Advanced CI enterprise
Continuous integration workflows help increase the governance and improve the quality of the data. Additionally for these CI jobs, you can use Advanced CI features, such as compare changes, that provide details about the changes between what's currently in your production environment and the pull request's latest commit, giving you observability into how data changes are affected by your code changes. By analyzing the data changes that code changes produce, you can ensure you're always shipping trustworthy data products as you're developing.
You can opt into Advanced CI in dbt Cloud. Please refer to Account access to Advance CI features to learn how enable it in your dbt Cloud account.

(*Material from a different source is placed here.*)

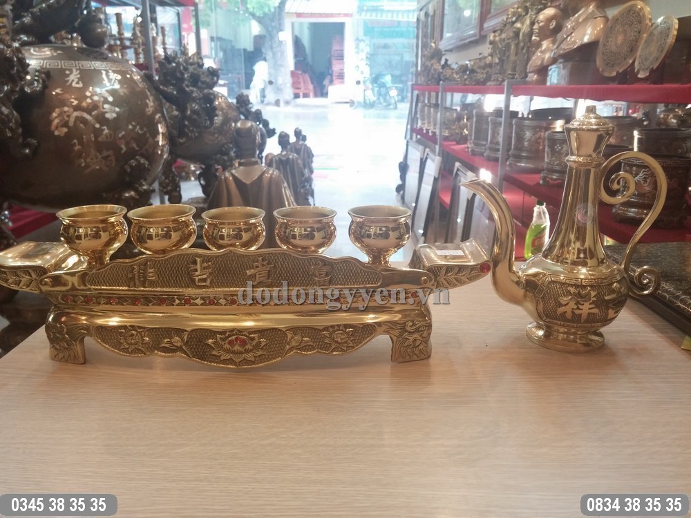Bình đựng rượu thờ cúng được đúc từ đồng vàng của Đồ Đồng Cường Thịnh là vật phẩm thờ cúng vô cùng quan trọng trên ban thờ gia tiên, mang lại vẻ đẹp sang trọng, tinh tế cho không gian thờ cúng nhà gia chủ.

dbt Labs plans to provide additional Advanced CI features in the near future. More info coming soon.
Prerequisites
- You have a dbt Cloud Enterprise account.
- You have Advance CI features enabled.
- You use a supported data platform: BigQuery, Databricks, Postgres, or Snowflake. Support for additional data platforms coming soon.
Compare changes feature
For CI jobs that have the dbt compare option enabled, dbt Cloud compares the changes between the last applied state of the production environment (defaulting to deferral for lower compute costs) and the latest changes from the pull request, whenever a pull request is opened or new commits are pushed.
dbt reports the comparison differences in:
- dbt Cloud — Shows the changes (if any) to the data's primary keys, rows, and columns in the Compare tab from the Job run details page.
- The pull request from your Git provider — Shows a summary of the changes as a Git comment.
About the cached data
After comparing changes, dbt Cloud stores a cache of no more than 100 records for each modified model for preview purposes. By caching this data, you can view the examples of changed data without rerunning the comparison against the data warehouse every time (optimizing for lower compute costs). To display the changes, dbt Cloud uses a cached version of a sample of the data records. These data records are queried from the database using the connection configuration (such as user, role, service account, and so on) that's set in the CI job's environment.
You control what data to use. This may include synthetic data if pre-production or development data is heavily regulated or sensitive.
- The selected data is cached on dbt Labs' systems for up to 30 days. No data is retained on dbt Labs' systems beyond this period.
- The cache is encrypted and stored in an Amazon S3 or Azure blob storage in your account’s region.
- dbt Labs will not access cached data from Advanced CI for its benefit and the data is only used to provide services as directed by you.
- Third-party subcontractors, other than storage subcontractors, will not have access to the cached data.
If you access a CI job run that's more than 30 days old, you will not be able to see the comparison results. Instead, a message will appear indicating that the data has expired.
Connection permissions
The compare changes feature uses the same credentials as the CI job, as defined in the CI job’s environment. The dbt Cloud administrator must ensure that client CI credentials are appropriately restricted since all customer's account users will be able to view the comparison results and the cached data.
If using dynamic data masking in the data warehouse, the cached data will no longer be dynamically masked in the Advanced CI output, depending on the permissions of the users who view it. dbt Labs recommends limiting user access to unmasked data or considering using synthetic data for the Advanced CI testing functionality.